Linking a SNP (rs1234567) to your own 23andMe variant

You read about a new genetic discovery - some allele has some effect - and you wonder about yourself. Your genome (or at least the subset they sequenced) is catalogued in the 23andMe database and some sites let you check your own allele variant (SNP - 'snip') in just one click. How do they do that?

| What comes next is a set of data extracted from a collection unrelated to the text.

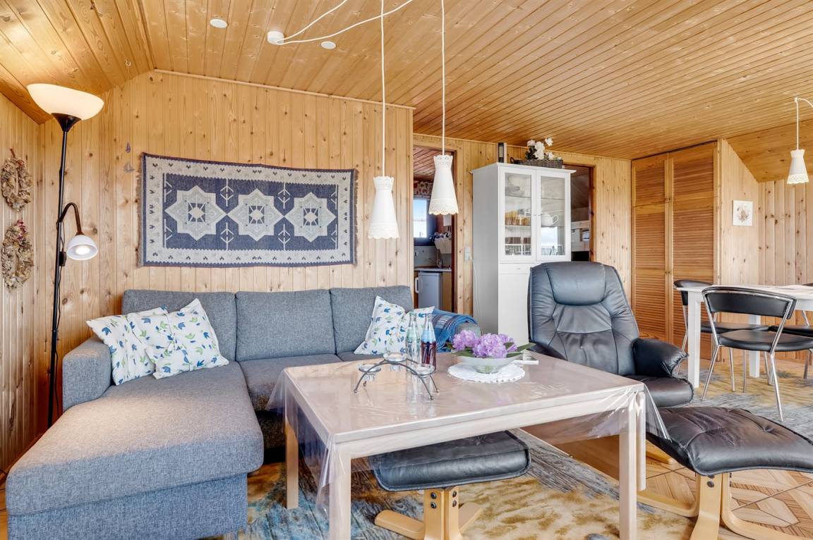 DraußenDie Ferienunterkunft liegt auf einem 1100 m² großen Naturgrundstück. Die Entfernung zum Meer beträgt 150 m. Die nächste Einkaufsmöglichkeit liegt 1000 m entfernt. Es steht ein 30 m² Terrassenareal zur Verfügung. Schaukel. Parkplatz auf dem Grundstück.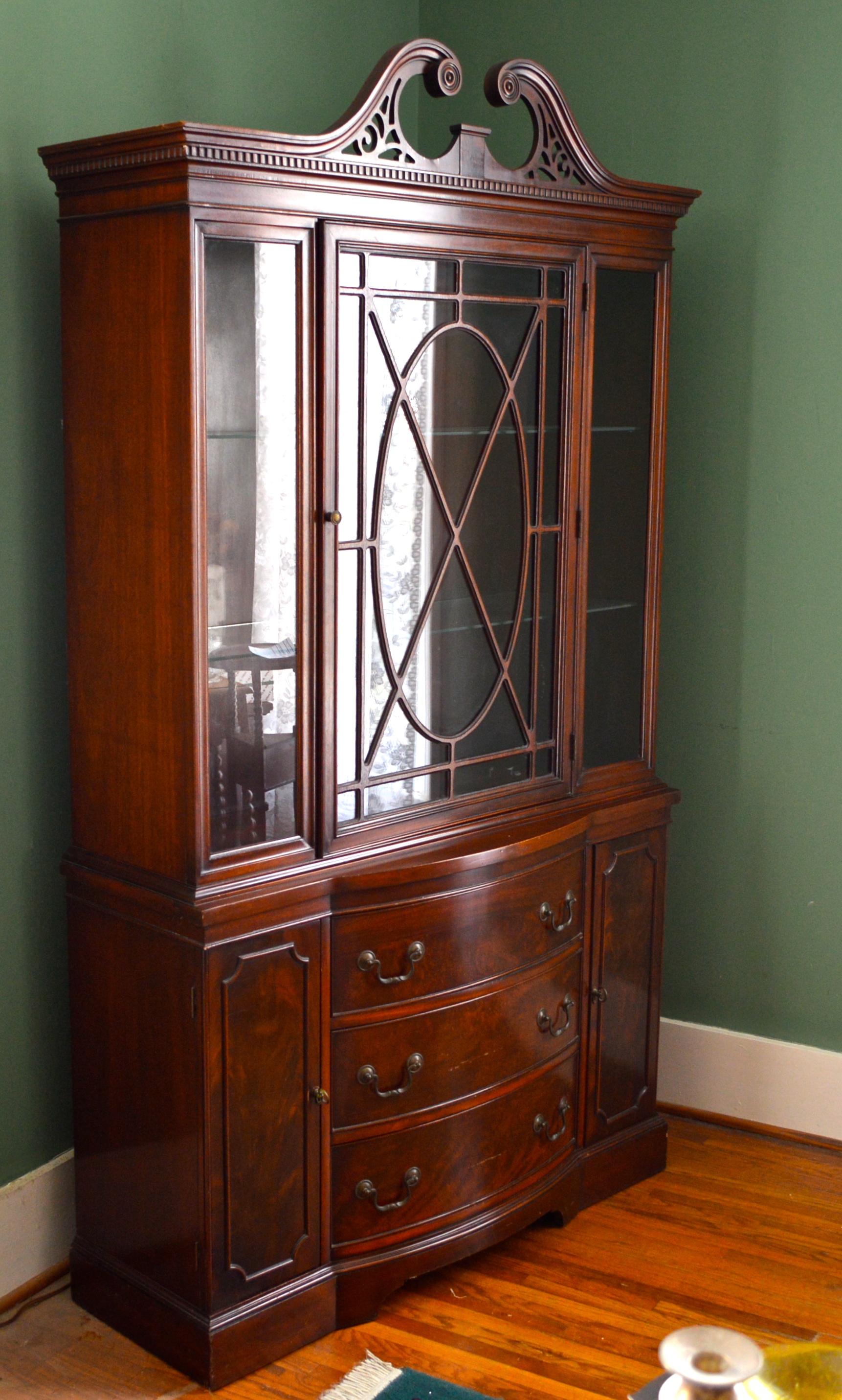 Bow front mahogany china cabinet from uantique.com Item features 3 curved/bowed glass panes, paw feet, rolling casters. Subtle carvings on the top and front of the cabinet. Lower section of bow front. I enlisted some help to work out a foolproof method that doesn't require any special tools or equipment. This bowed glass china cabinet has beautiful detail and great craftsmanship. Check out our bow fronted cabinet selection for the very best in unique or custom, handmade pieces from our buffets & china cabinets shops. Oriental solid rosewood china cabinet. Your current version of internet explorer is out of date.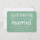 Mangez, buvez et soyez mariés — invitation de mariage campagnard rustique de style Vintage RSVP Cartes de réponse — rouleaux Tourbillonnant, bouclés et typographie de mode ancienne sur sauge menthe vert burlap arrière - plan. Ajoutez vos noms et informations de mariage dans ce modèle facile à utiliser. Elégant mais amusant et fantaisiste, style de coupe avec calligraphie de script libre peut être modifié pour votre thème rétro ou officiel mariage. Décontracté style champêtre moderne est parfait pour les mariages rustiques branchés avec une touche amusante de charme sophistiqué pour la mariée traditionnelle et le marié. Veuillez nous contacter pour obtenir de l'aide sur la personnalisation si vous avez besoin d'espace supplémentaire pour les détails de votre mariage. Autres tailles et styles de tableau de bord disponibles. Note : Il s'agit d'une carte en papier avec une image IMPRIMÉE de burlap pour effet décoratif. Il n'y a pas de texture réelle ou élevée.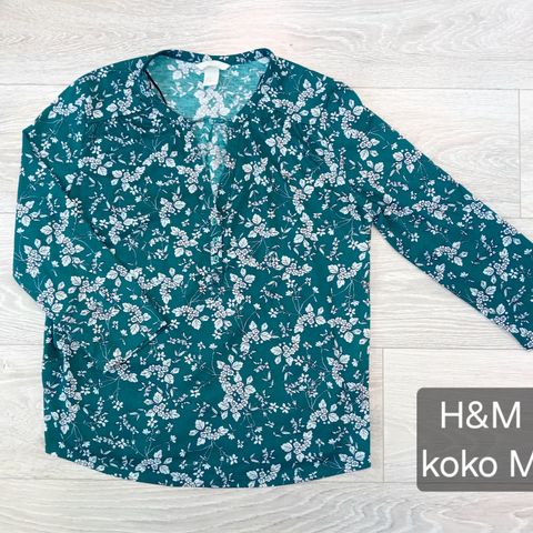 Turkoosi paita, kuvana Madeiran kukat, koko M. Selkäpuolella ei ole kuvia.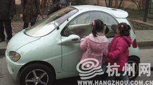 记者朱燕:在浙大玉泉校区的电机工程楼的北侧,找到了读者说的那辆粉绿色的小车,车标为“EV”(电动汽车的英文Eleotdc Vehicle缩写)。旁边停着一辆黑色帕萨特,EV车只有它的1/3大小,长得非常Q(网络上形容很可爱)。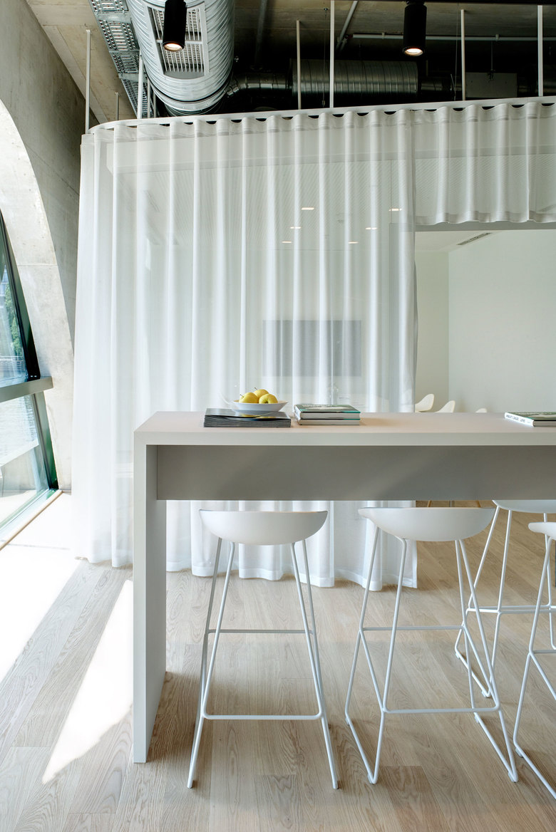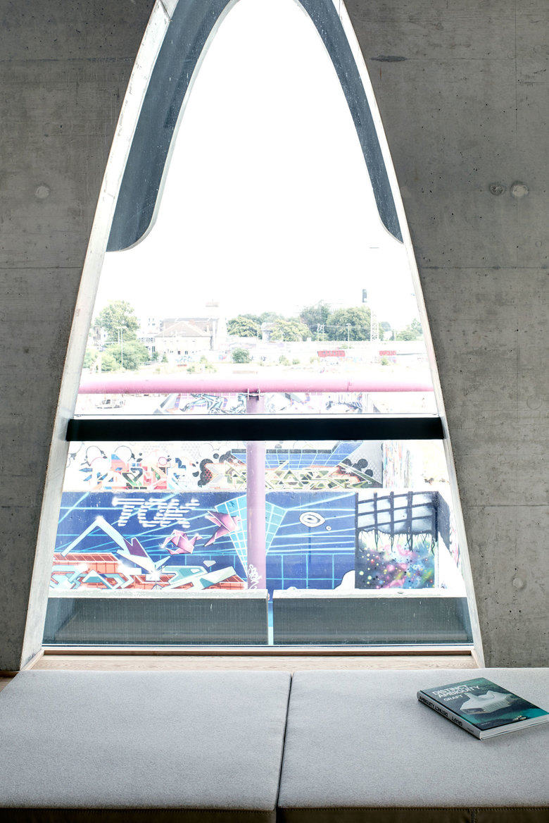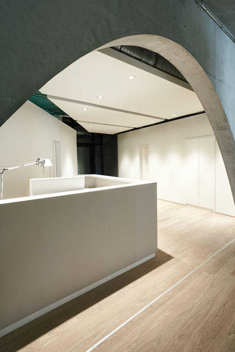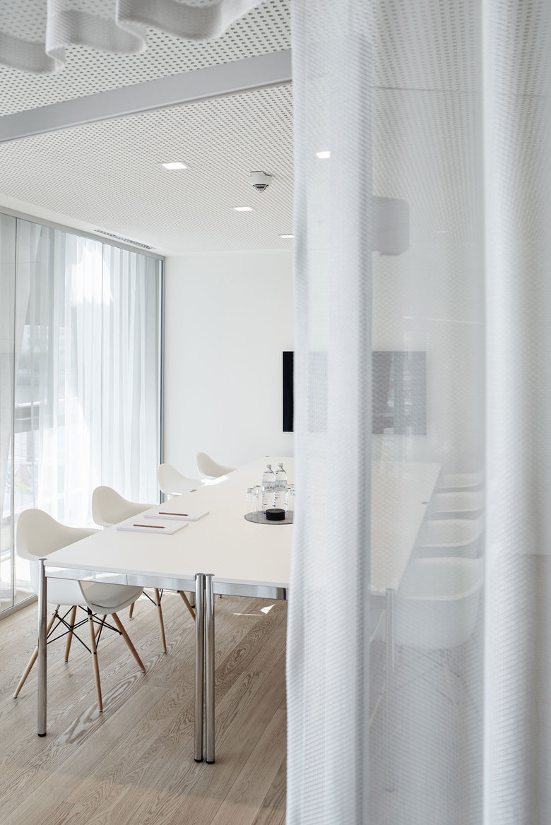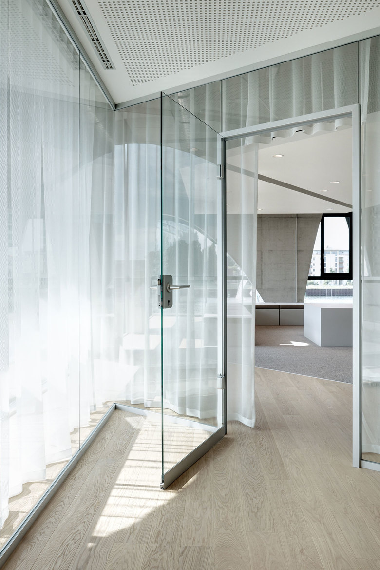 The polygonal rooms arrange themselves detached from the facade, divided by glass barriers with textile curtain elements. The rather harsh exposed concrete gains a cozy opposite with wooden flooring, carpeted areas and an individually adapted lighting.

They use a link like this.
https://www.23andme.com/you/explorer/snp/?snp_name=rs4570625
Gene variants for schizophrenia are just in the news. Now in the current report the relevant risk factor is number of copies of the C4 gene, something which is not assessed by 23andMe at present. But SNPs do have some predictive power for schizophrenia and other mental conditions - for example this (at Genetic Lifehacks):
rs4570625T is the minor allele and has been studied in reference to a number of psychiatric conditions. A recent study found that those carrying the T allele were more susceptible to major depression even when not exposed to “high-negative life events”.  A Chinese study in 2014 found that those with the T allele were more susceptible to paranoid schizophrenia.
When you click on the rs4570625 link above, you're taken to the 23andMe login page. After logging in, this is what you see (click on image to make larger):



I seem to be OK as regards that particular allele (one SNP is not going to make that much difference in what is a polygenic condition) - here's what SNPedia has to say about rs4570625 (for what it's worth).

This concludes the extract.